Settings

Some of Sacred’s general behaviour is configurable via sacred.SETTINGS. Its entries can be set simply by importing and modifying it using dict or attribute notation:

from sacred import SETTINGS
SETTINGS['HOST_INFO']['INCLUDE_GPU_INFO'] = False
SETTINGS.HOST_INFO.INCLUDE_GPU_INFO = False  # equivalent

Settings

Here is a brief list of all currently available options.

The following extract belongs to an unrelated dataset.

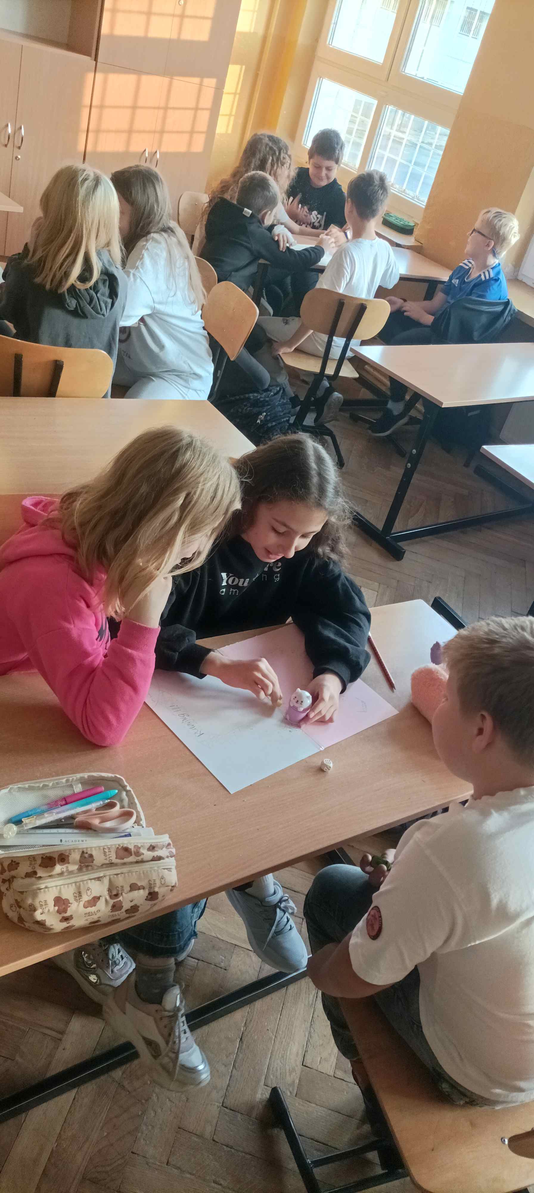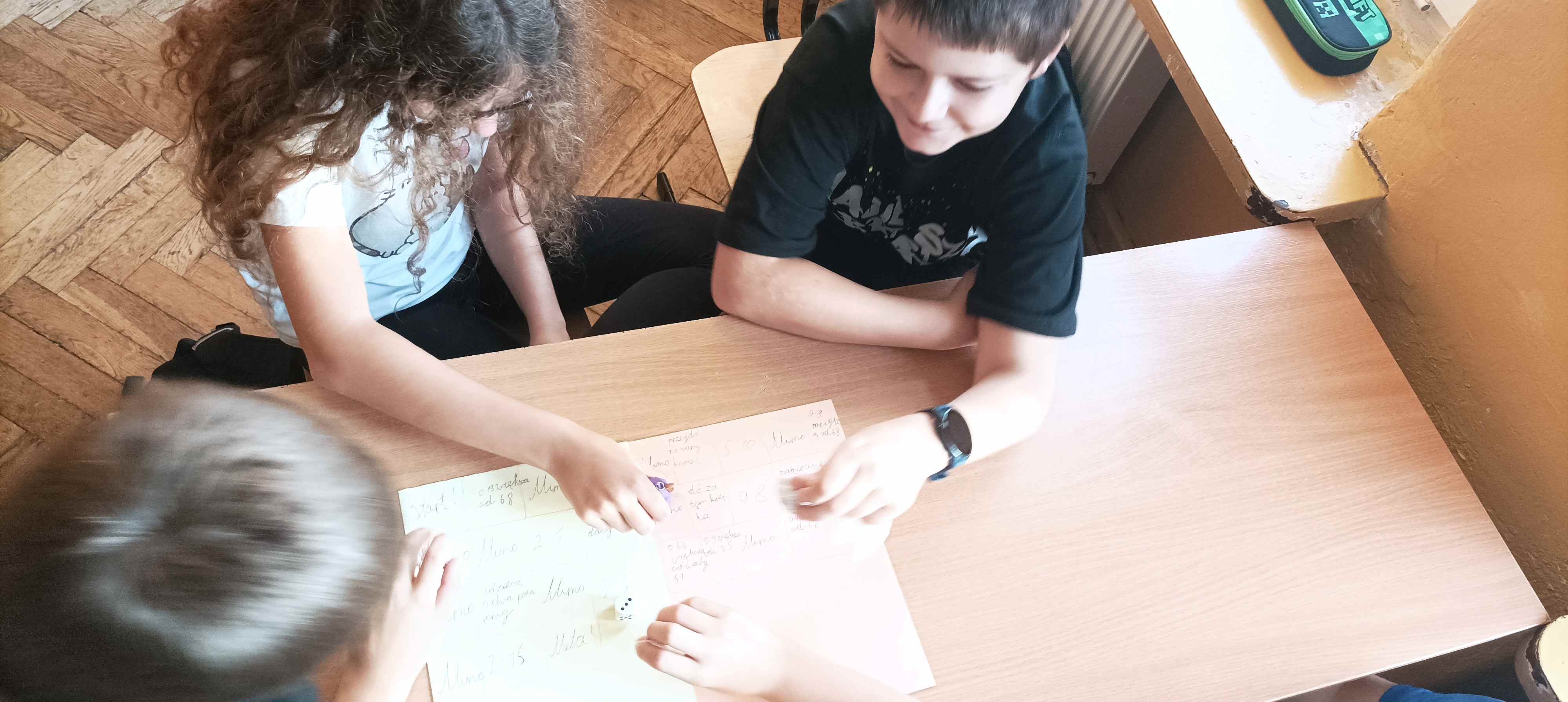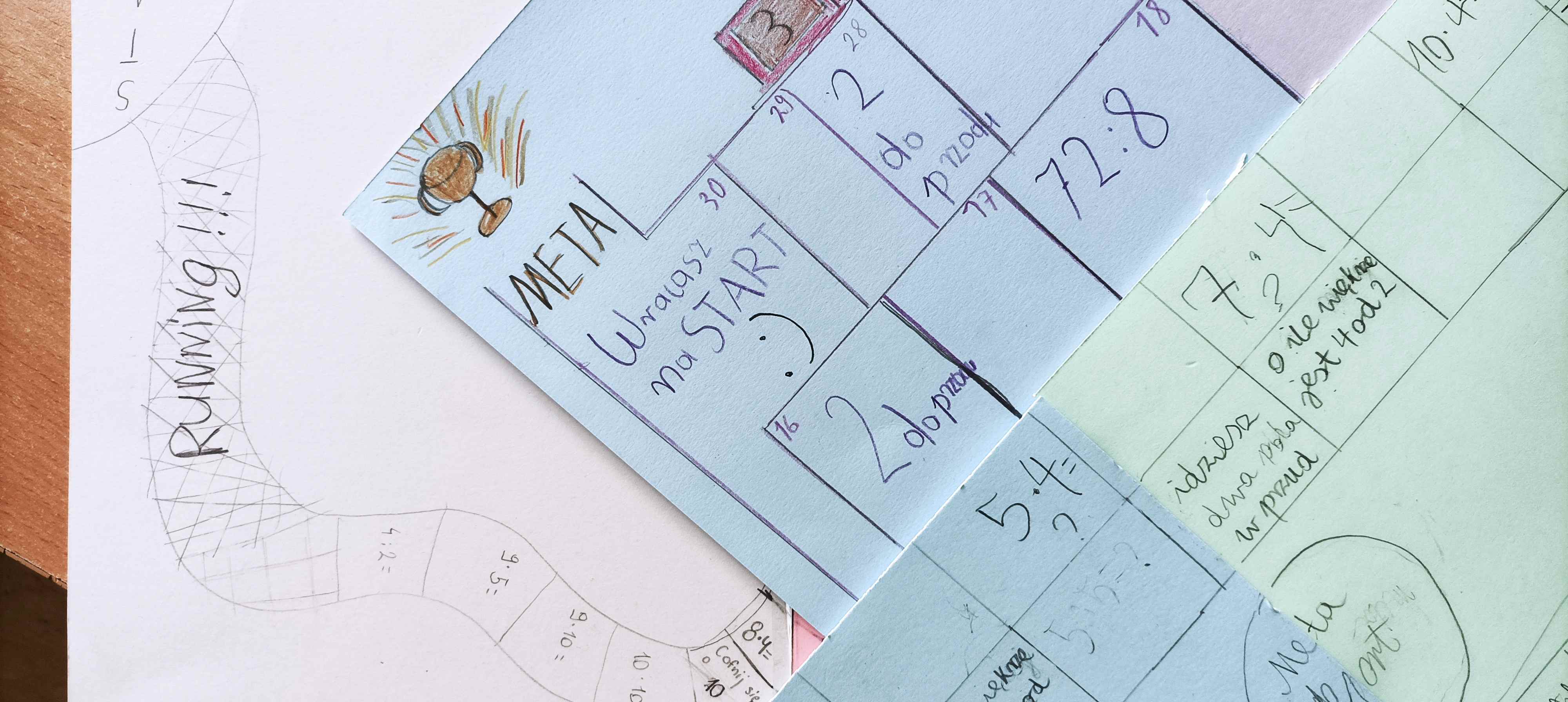 Na dzisiejszych zajęciach matematyki uczniowie klasy 4b pracowali w grupach, tworząc własne gry planszowe. Zadaniem było wykorzystanie zagadnień takich jak: tabliczka mnożenia, „o ile więcej”, „o ile mniej”, „ile razy więcej” oraz „ile razy mniej”. Każda grupa zaprojektowała planszę, opracowała pytania i zasady gry. Uczniowie dodali również pola specjalne według własnych pomysłów, np. „czekasz kolejkę”, „wracasz na start” czy „przesuwasz się na inne pole”. Dzięki temu nauka matematyki stała się kreatywną i angażującą zabawą!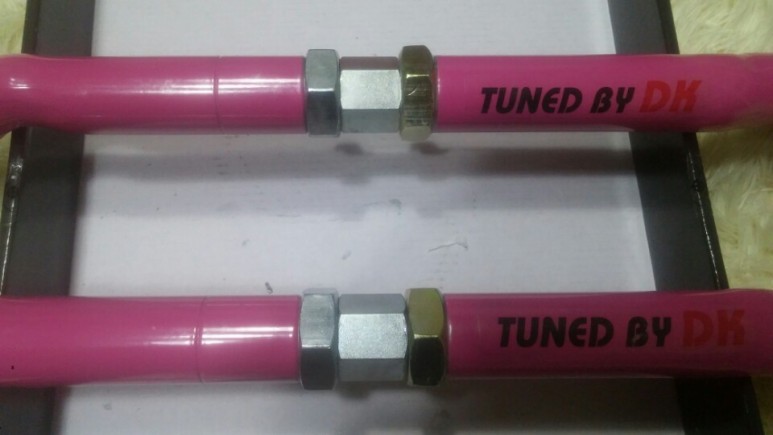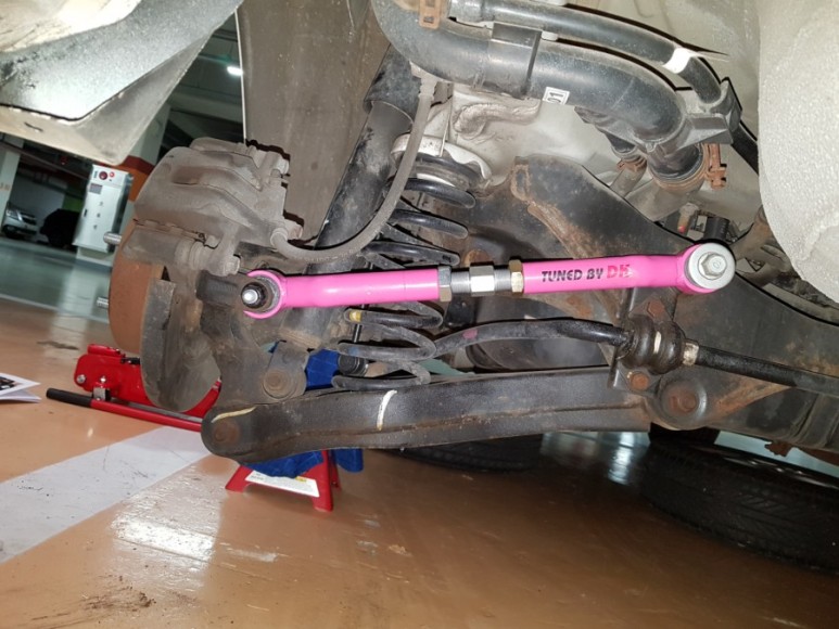 교체 후 블링블링한 자태의 리어 어퍼 암 되시겠다. 핑크색이라니 ㄷㄷㄷ. 이 제품은 원통형인데 가격이 조금 더 비싼 제품은 육각봉 형태이며 육각봉 형태 제품의 강성이 좀 더 좋다고 한다. 근데 뭐 서킷 달리는 것도 아닌데 걍 싼마이로 하는 거지. 순정품에 비하면 이 정도면 감지덕지다. 사제품 제조사도 여러 곳이 있는데 젤 싼 걸로 구입하면 된다. 제품 품질은 다 거기서 거기다.

  • CAPTURE_MODE (default: ‘fd’ (linux/osx) or ‘sys’ (windows)) configure how stdout/stderr are captured. [‘no’, ‘sys’, ‘fd’]
  • DEFAULT_BEAT_INTERVAL (default: 10.0) Configures the default beat interval
  • CONFIG
    • ENFORCE_KEYS_MONGO_COMPATIBLE (default: True) Make sure all config keys are compatible with MongoDB.
    • ENFORCE_KEYS_JSONPICKLE_COMPATIBLE (default: True) Make sure all config keys are serializable with jsonpickle. IMPORTANT: Only deactivate if you know what you’re doing.
    • ENFORCE_VALID_PYTHON_IDENTIFIER_KEYS (default: False) Make sure all config keys are valid python identifiers.
    • ENFORCE_STRING_KEYS (default: False) Make sure all config keys are strings.
    • ENFORCE_KEYS_NO_EQUALS (default: True) Make sure no config key contains an equals sign.
    • IGNORED_COMMENTS (default: [‘^pylint:’, ‘^noinspection’]) List of regex patterns to filter out certain IDE or linter directives from in-line comments in the documentation.
    • READ_ONLY_CONFIG (default: True) Make the configuration read-only inside of captured functions. This only works to a limited extend because custom types cannot be controlled.
  • HOST_INFO
    • INCLUDE_GPU_INFO (default: True) Try to collect information about GPUs using the nvidia-smi tool. Deactivating this can cut the start-up time of a Sacred run by about 1 sec.
    • INCLUDE_CPU_INFO (default: True) Try to collect information about the CPU using py-cpuinfo. Deactivating this can cut the start-up time of a Sacred run by about 3 sec.
    • CAPTURED_ENV (default: []) List of ENVIRONMENT variable names to store in the host-info.
  • COMMAND_LINE
    • STRICT_PARSING (default: False) Disallow string fallback if parsing a value from command-line failed. This enforces the usage of quotes in the command-line. Note that this can be very tedious since bash removes one set of quotes, such that double quotes will be needed.